Peas are rich in fiber and plant-based proteins. It also contains iron, magnesium, potassium, calcium, and vitamin C. It may help improve blood sugar management, support digestive health, manage cholesterol levels, and protect against some form of cancer
Frozen greens including spinach, collards, chard, kale, beet greens and mustard greens can come really handy when you’re in the mood for some green smoothies! It can also be used in frittatas, soups, stir-fries, or if you want simply saute or steam them. To freeze these greens, start by selecting tender leaves, wash them, remove stems, and then proceed to blanch. Then simply cool, drain, and then pack and store.
These leafy greens contain fiber, antioxidants, folate, magnesium, calcium, iron, potassium, and vitamins A, C, and K. They’re good for protecting bones from osteoporosis, helping prevent inflammatory diseases, decreasing the risk of heart diseases, and boosting immunity.
Tips for Freezing Vegetables
Now that you already have an idea on what are the best vegetables to freeze, here are some additional tips to keep in mind before you begin:
Freeze in meal-sized portions
It’s always a good idea to freeze vegetables in meal-sized portions. Let’s say store into four different bags the tray full of frozen broccoli. So, the next time you have a need to make let’s say a side dish just for yourself, you can simply defrost just one bag.
Don’t forget to label them
You have to be patient with this one. Don’t simply rely on ‘oh I’ll remember it for sure’ or ‘I’ll know once I see it’ – although it may be obvious for some veggies to be readily recognizable by color for instance, when they start piling up there’s a good chance you’ll get confused later. Label them properly with the contents and the date of freezing just to be sure.
Limit air during freezing
Removing air in airtight containers or freezer bags can prevent freezer burn or the brownish spots you see on them. Squeeze the air out as much as possible before sealing. Using packaging that is specifically designed for freezing foods is also one way of avoiding freezer burn.
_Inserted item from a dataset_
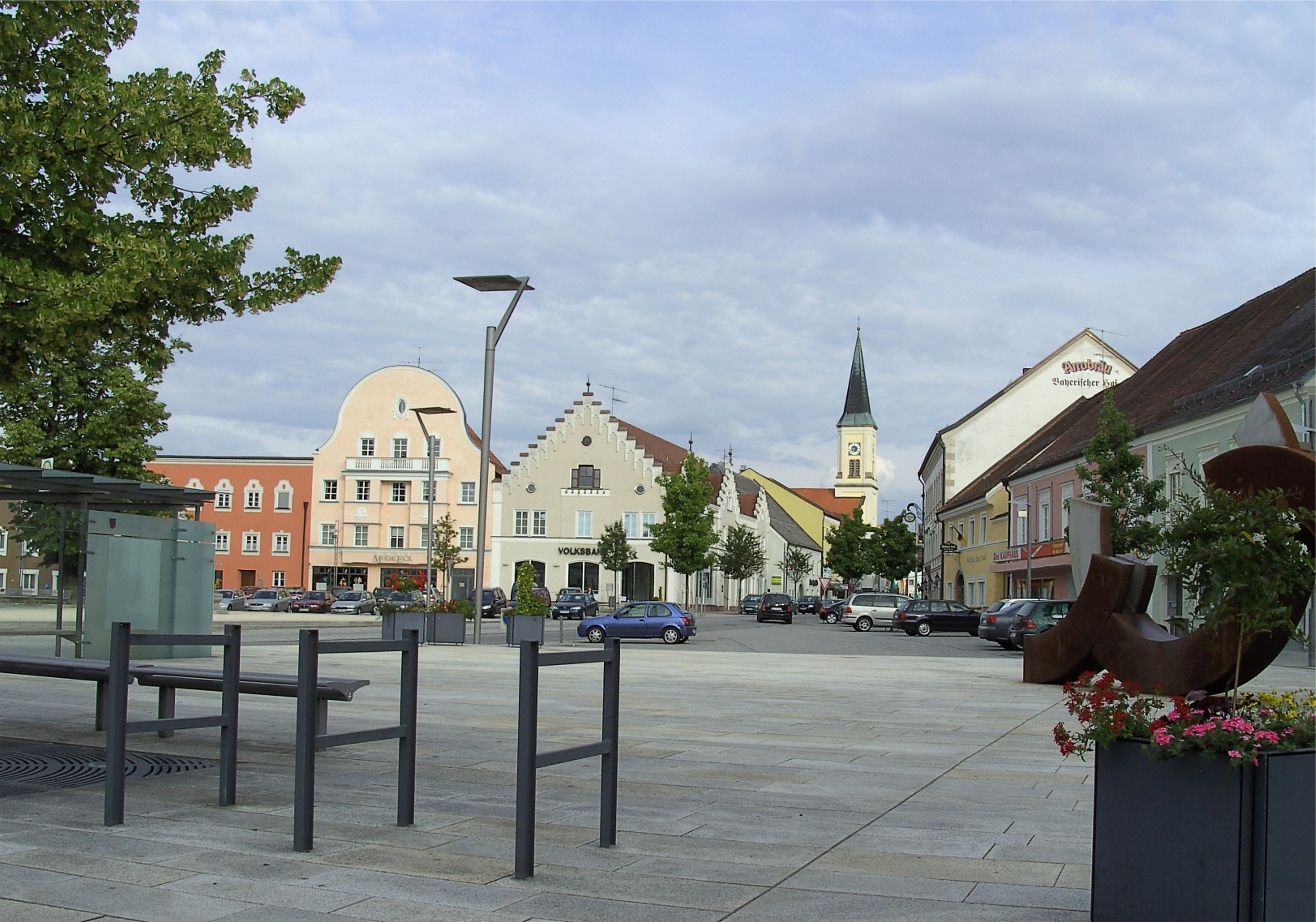 Town center of Osterhofen

Don’t overload the freezer
Know your freezer’s capacity, don’t overload it. See how many cubic feet of unfrozen food can it actually froze at one time. Make sure it can freeze your vegetables properly. Slow freezing, which can happen if it’s overloaded, results in poor-quality frozen veggies.
Keep it 0 degrees Fahrenheit or lower
To ensure you keep your frozen veggies of top quality, they should be stored at zero Fahrenheit or lower. Check to see that your freezer is at least zero F, storing frozen food higher than that can shorten its shelf life. You can use a freezer thermometer to know exactly your freezer’s temperature.